Indian Pharma stocks have opened the day on a mixed note with IPCA Labs and Cadila Healthcare Ltd leading the gains. However, Dishman Pharma Ltd and JB Chemicals Ltd were facing selling pressure. As per a leading financial daily, the Government has decided against a blanket ban on the incorporation of a 'non-compete' clause if an Indian pharma company is acquired by a foreign drug company. Earlier, the ban was mooted by the Department of Industrial Policy and Promotion (DIPP) as a safeguard to ensure acquisition of Indian pharma companies does not lead to shortage of critical drugs. However, the Government has decided to continue with the existing policy with the condition that such a clause could be allowed by Foreign Investment Promotion Board (FIPB) in special circumstances.

Will elections slow down growth?

The father of value investing, Ben Graham, once famously said: 'In the long run, markets are like a weighing machine but in the short run, they are like a voting machine'. This means, a stock's price is driven in the long term, only by the performance of the business. However, in the short term, people's emotions and news events may drive stock prices, irrespective of the business performance.

In the Indian context, a big event is fast approaching that could have a significant effect on businesses as well as the stock markets. This event is of course the general elections which will be held during April-May 2014. While its effect on the stock markets may be understandable, can the elections have an adverse effect on the larger economy? There is increasing concern that the uncertainty regarding the outcome of the elections, may be affecting the economy adversely.

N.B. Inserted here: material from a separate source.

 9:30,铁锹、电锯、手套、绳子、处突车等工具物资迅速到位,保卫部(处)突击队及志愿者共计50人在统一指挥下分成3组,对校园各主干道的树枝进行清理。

As per leading news daily, the industry association ASSOCHAM has expressed this concern after conducting a study in this regard. As per the study, many investors, business leaders and economists are now of the opinion that if there were to be an unstable government after the elections, GDP growth could suffer badly due to 'left-of-centre economic policies'. Such policies entail higher government spending to support various social welfare schemes coupled with higher taxes on businesses and the rich. This possibility has increased due to the performance of the Aam Aadmi Party in the recent state elections. Clearly, the mood among businessmen and investors seem to be that there is no political party with the will to push through much needed 'free-market friendly' economic reforms.

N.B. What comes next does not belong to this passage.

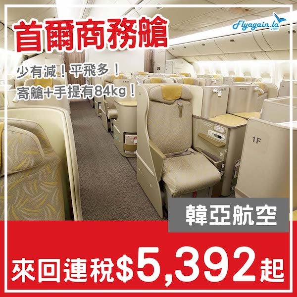 【首爾】商務少有減!包84kg行李!韓亞航空商務艙來回首爾,連稅$5,392起!6月30日或之前出發

While it's true that India has a large number of underprivileged people, many of them below the poverty line, policy making should not follow an overly socialist path. Gradually opening up the economy, both financial markets and various sectors, will have a strong positive effect in terms of higher employment, lower inflation etc. On the other hand, it can be rightly said that the Indian economy has grown despite and not because of the various government policies over the years. In the short term, the results of the upcoming general elections will certainly have an impact on the economy, either positive or negative. However in the long term, various sectors and businesses can thrive even in the absence of sensible economic policies by the government.